I’ve always wanted to check out the Nekromantik movies but since they’re always like $45 each at horror conventions, I never bother picking them up. When I found Part 2 on Netflix I figured I’d add it to my queue and find out what all the fuss was about. Since I haven’t seen the first flick, I didn’t really know what to expect from this sequel. Well, the title sequence featured footage from the first Nekromantik (which I presume is the last scene of the movie) in which the main character hari-karis himself to death while his raging hard-on spurts out jizz and then blood all over his bedroom.
OK, I’m now officially up to speed.
This sequel picks up with another necrophile named Monika (Monika M.) digging up that guy’s grave in broad daylight and bringing his corpse back home with her. Once she gets him undressed, she rides his face and then gives him a BJ. Since she’s not used to the taste of decomposed dingus, she promptly pukes. It’s still love at first sight though. We can tell she’s in love with the dude because she props his corpse up and takes Polaroid pictures of herself making kissy-face with it.
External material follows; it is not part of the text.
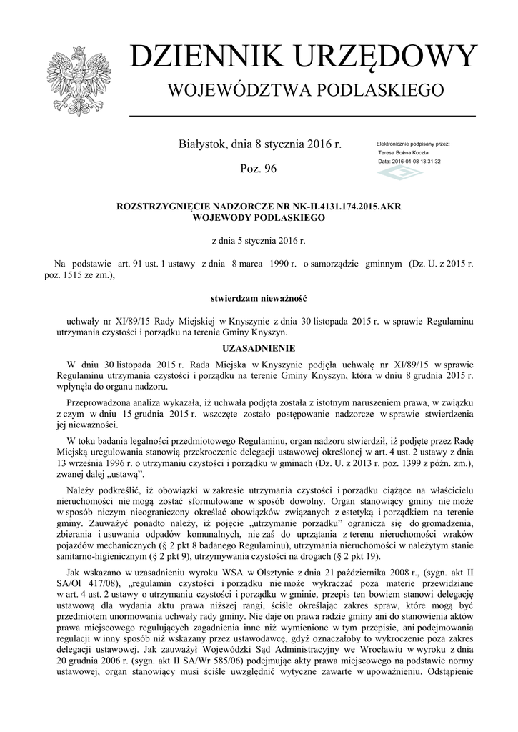 DZIENNIK URZĘDOWY WOJEWÓDZTWA PODLASKIEGO Białystok, dnia 8 stycznia 2016 r. Elektronicznie podpisany przez: Teresa Bożena Koczta Poz. 96 Data: 2016-01-08 13:31:32 ROZSTRZYGNIĘCIE NADZORCZE NR NK-II.4131.174.2015.AKR WOJEWODY PODLASKIEGO z dnia 5 stycznia 2016 r. Na podstawie art. 91 ust. 1 ustawy z dnia 8 marca 1990 r. o samorządzie gminnym (Dz. U. z 2015 r. poz. 1515 ze zm.), stwierdzam nieważność uchwały nr XI/89/15 Rady Miejskiej w Knyszynie z dnia 30 listopada 2015 r. w sprawie Regulaminu utrzymania czystości i porządku na terenie Gminy Knyszyn. UZASADNIENIE W dniu 30 listopada 2015 r. Rada Miejska w Knyszynie podjęła uchwałę nr XI/89/15 w sprawie Regulaminu utrzymania czystości i porządku na terenie Gminy Knyszyn, która w dniu 8 grudnia 2015 r. wpłynęła do organu nadzoru. Przeprowadzona analiza wykazała, iż uchwała podjęta została z istotnym naruszeniem prawa, w związku z czym w dniu 15 grudnia 2015 r. wszczęte zostało postępowanie nadzorcze w sprawie stwierdzenia jej nieważności. W toku badania legalności przedmiotowego Regulaminu, organ nadzoru stwierdził, iż podjęte przez Radę Miejską uregulowania stanowią przekroczenie delegacji ustawowej określonej w art. 4 ust. 2 ustawy z dnia 13 września 1996 r. o utrzymaniu czystości i porządku w gminach (Dz. U. z 2013 r. poz. 1399 z późn. zm.), zwanej dalej „ustawą”. Należy podkreślić, iż obowiązki w zakresie utrzymania czystości i porządku ciążące na właścicielu nieruchomości nie mogą zostać sformułowane w sposób dowolny. Organ stanowiący gminy nie może w sposób niczym nieograniczony określać obowiązków związanych z estetyką i porządkiem na terenie gminy. Zauważyć ponadto należy, iż pojęcie „utrzymanie porządku” ogranicza się do gromadzenia, zbierania i usuwania odpadów komunalnych, nie zaś do uprzątania z terenu nieruchomości wraków pojazdów mechanicznych (§ 2 pkt 8 badanego Regulaminu), utrzymania nieruchomości w należytym stanie sanitarno-higienicznym (§ 2 pkt 9), utrzymywania czystości na drogach (§ 2 pkt 19). Jak wskazano w uzasadnieniu wyroku WSA w Olsztynie z dnia 21 października 2008 r., (sygn. akt II SA/Ol 417/08), „regulamin czystości i porządku nie może wykraczać poza materie przewidziane w art. 4 ust. 2 ustawy o utrzymaniu czystości i porządku w gminie, przepis ten bowiem stanowi delegację ustawową dla wydania aktu prawa niższej rangi, ściśle określając zakres spraw, które mogą być przedmiotem unormowania uchwały rady gminy. Nie daje on prawa radzie gminy ani do stanowienia aktów prawa miejscowego regulujących zagadnienia inne niż wymienione w tym przepisie, ani podejmowania regulacji w inny sposób niż wskazany przez ustawodawcę, gdyż oznaczałoby to wykroczenie poza zakres delegacji ustawowej. Jak zauważył Wojewódzki Sąd Administracyjny we Wrocławiu w wyroku z dnia 20 grudnia 2006 r. (sygn. akt II SA/Wr 585/06) podejmując akty prawa miejscowego na podstawie normy ustawowej, organ stanowiący musi ściśle uwzględnić wytyczne zawarte w upoważnieniu. Odstąpienie Dziennik Urzędowy Województwa Podlaskiego –2– Poz. 96 od tej zasady narusza związek formalny i materialny pomiędzy aktem wykonawczym a ustawą, co z reguły stanowi istotne naruszenie prawa. Jednocześnie zwrócić należy uwagę, że regulacja art. 4 ust. 2 wspomnianej ustawy ma charakter wyczerpujący, tj. uchwalając na jej podstawie regulamin czystości i porządku, rada powinna zawrzeć w nim postanowienia odnoszące się do wszystkich enumeratywnie wymienionych w ustawie zagadnień. Wskazując zakres zagadnień objętych regulaminem czystości i porządku, ustawodawca w skonstruowaniu delegacji ustawowej nie posłużył się sformułowaniem „w szczególności”, „może określić”, ale sformułowaniem „regulamin określa”, co prowadzi do wniosku, że treść tego regulaminu musi bezwzględnie odpowiadać zakresowi delegacji ustawowej”. Katalog spraw, które ustawodawca pozwolił radzie gminy ująć w regulaminie utrzymania czystości i porządku na terenie gminy jest zamknięty, a rada może dokonywać regulacji prawnych tylko w takim zakresie, w jakim została do tego upoważniona. Takie rozwiązanie legislacyjne jest uzasadnione z uwagi na wkroczenie poprzez przepisy prawa miejscowego w sferę praw i wolności obywateli. W ocenie organu nadzoru przepisy § 2 pkt 10, 12 niniejszego Regulaminu podjęte zostały bez wymaganej podstawy prawnej. Rada Miejska w Knyszynie mocą przedmiotowych postanowień załącznika do uchwały nałożyła odpowiednio na właścicieli nieruchomości obowiązek posypywania piaskiem chodnika oraz usuwanie nawisów (sopli) z okapów, rynien i innych części nieruchomości. Należy zauważyć, iż z art. 4 ust. 2 pkt 1 lit. b ustawy wynika obowiązek unormowania w niniejszym Regulaminie wymagań dotyczących uprzątania błota, śniegu, lodu i innych zanieczyszczeń tylko z tych części nieruchomości, które służą do użytku publicznego. Przepis art. 5 ust. 1 pkt 4 ustawy precyzyjnie ustala zakres obowiązków właścicieli nieruchomości dotyczących tej kwestii nakazując im utrzymanie porządku i czystości poprzez uprzątnięcie błota, śniegu, lodu i innych zanieczyszczeń z chodników położonych wzdłuż nieruchomości, przy czym za taki chodnik uznaje się wydzieloną część drogi publicznej służącą dla ruchu pieszego położoną bezpośrednio przy granicy nieruchomości, a czynność dotyczyć może jedynie uprzątnięcia błota, śniegu, lodu i innych zanieczyszczeń (wyroki WSA w Bydgoszczy z dnia 29 października 2009 r. sygn. akt II SA/Bd 633/08 oraz z dnia 6 stycznia 2009 r., sygn. akt II SA/Bd 611/08). Dodatkowo należy stwierdzić nieuprawnioną modyfikację art. 5 ust. 1 pkt 4 ustawy przez Radę Miejską w Knyszynie. Powyższy przepis wskazuje, iż właściciel nieruchomości nie jest obowiązany do uprzątnięcia chodnika, na którym jest dopuszczony

The plot thickens though when Monika falls in love with a guy named Mark (Mark Reeder) who happens to be alive. (His job is to dub heavy breathing sounds into porno movies.) Monika wants to stay with him so she cuts up her former lover into little pieces and decides to throw him in the trash. Alas, she can’t bear to toss out his decaying flaccid schlong, so she puts it in the refrigerator for safe keeping. When Mark finds out about it; he’s remarkably civil about the whole thing. Monika and Mark soon hit a rough patch in their relationship (he doesn’t get off on watching videos of real life animal mutilation; the pansy) and before you can say “Couples Therapy”, she’s grabbing the hacksaw and… nope, I won’t spoil it for you. You got to see it for yourself.
Nekromantik 2 is crammed with a lot of padding that keeps it from achieving true classic status. During the course of the movie we’re treated to a gratuitously artsy fartsy film-within-a-film, a long irritating petting zoo sequence, uninterrupted takes of Monika eating goulash, and a mini-music video. All of this nonsense gets in the way of the corpse fucking. But you’re not watching a Nekromantik movie to see the filler, you’re watching it to see dead body diddling and in that respect, Part Deux doesn’t disappoint. The necrophilia scenes are all well done and are thoroughly disgusting. We’re talking
Most people won’t be able to take Nekromantik 2. In addition to all the necrophilia stuff, there’s an extended scene where a bunch of girls get together over pizza and watch a video of baby seals being vivisected. Part 2 is definitely worth a look for die-hard gore fans with cast iron stomachs and/or people who think they’ve seen it all. Oddly enough though, the flick actually reminded me a lot of a Hal Hartley flick with all of the static camerawork and faux classical music. Weird.
Nekromantik 2 is more than just a corpse fucking orgy though. The cast is especially good and Monika M. is surprisingly appealing, even when she’s knocking boots with the dead. Quite an amazing feat if you think about it. Also, some of the deadpan humor is quite funny (the penis in the fridge gag is hysterical) and director Jorg Buttgereit is able to strike an eerie balance between the humorous stuff and the sickening shit. While the film doesn’t work 100% of the time, there’s enough gory goodness here to make me give it a solid ***. It’s good enough to make me want to see the first one, which is probably the best compliment I can give it.